Hint: you can get a document view of any AEM page by using the sidekick. Just right-click and choose “View Document Source.” This is a great way to see what your page looks like as a document and decide for yourself if it can be easily read and understood or not.

Screenshot of using the AEM Sidekick to view document source

What’s in it for You?

When authors manage their content in documents (using Sharepoint, Google Drive, or DA), the need for document semantics become obvious. You want to create an authoring experience that is simple, intuitive, and easy to use. By making sure the documents where authors manage content convey meaning and are easy to understand, you are doing just that.

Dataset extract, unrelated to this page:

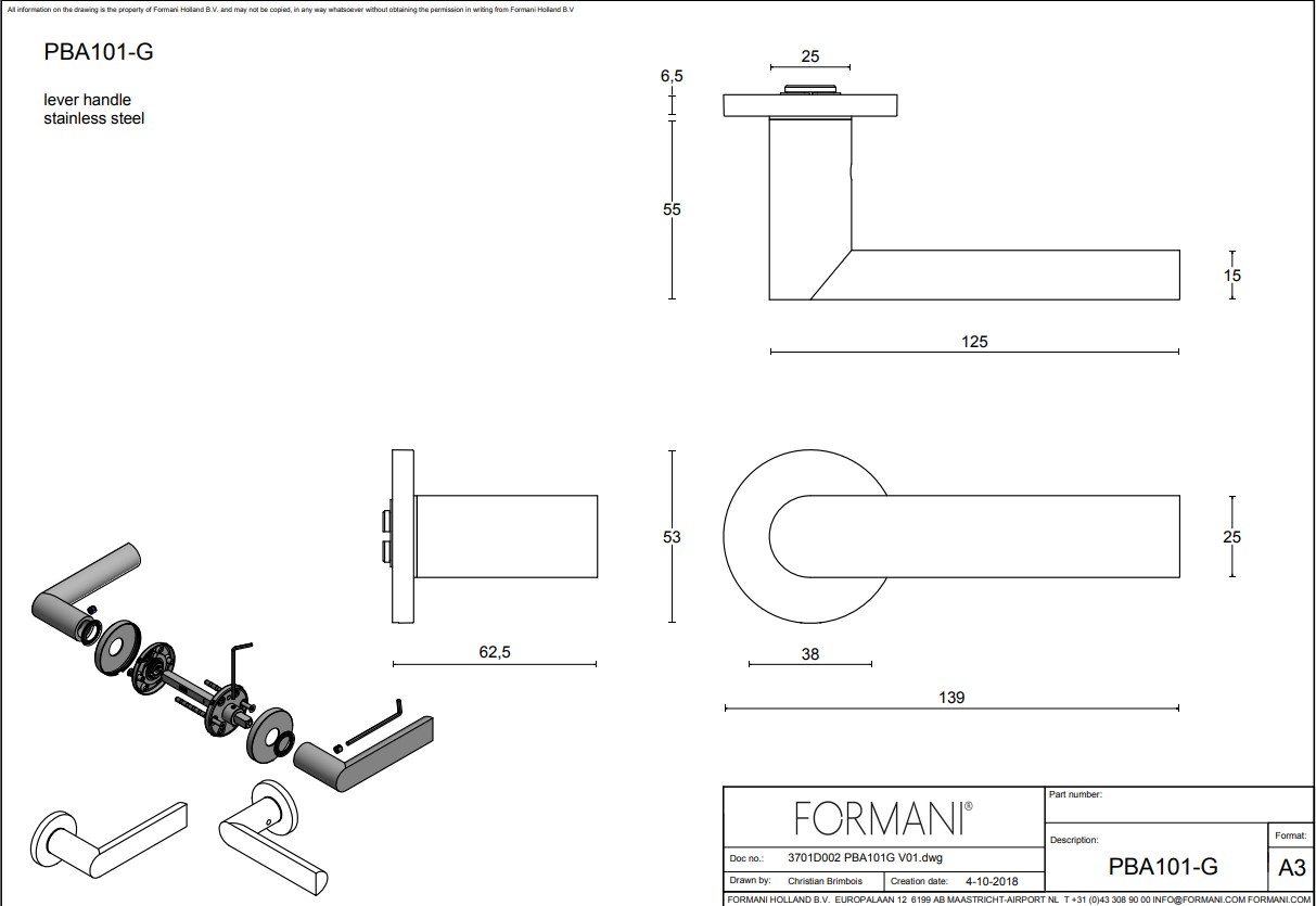 Les poignées de porte ARC PBA101-G sont fournies par paires sans plaques de clé, y compris le matériel de montage et la tige carrée. Ils conviennent aux portes intérieures d'une épaisseur de porte de 38 à 45 mm.

On the other hand, when authors work primarily in Universal Editor (or any other third-party content source) it can be easy to dismiss, or at least not prioritize, the investment of time it takes to create semantic models for your blocks. But, there are a few clear benefits to doing so that make the investment payoff.

Agent Friendly

As new AI agents, voice assistants, and other related technologies emerge, semantic content will be more easily interpretable and usable by these systems.

Portability and Re-Use

Edge Delivery Services as a platform is content source agnostic, with native support for many content sources OOTB (Universal Editor, DA, Sharepoint, Google Drive), and can easily support other sources with BYOM. Your project should strive to be content source agnostic as well, so that it is portable across all the content sources AEM supports.

By creating semantic content models, you give authors a great and easy to use experience with any content source they choose to use. This lets you support additional repoless sites from the same codebase, even if those sites aren’t authored in the same way. Similarly, you can add a content source overlay to author certain section(s) of your site in a different way.

Cleaner and Simpler Code

When your content structure follows logical document semantics, the underlying code becomes more straightforward to maintain and debug. This is because the starting DOM structures of your blocks are more concise, making the relationships between content elements more predictable and the transformation logic you need to write and maintain more direct and efficient.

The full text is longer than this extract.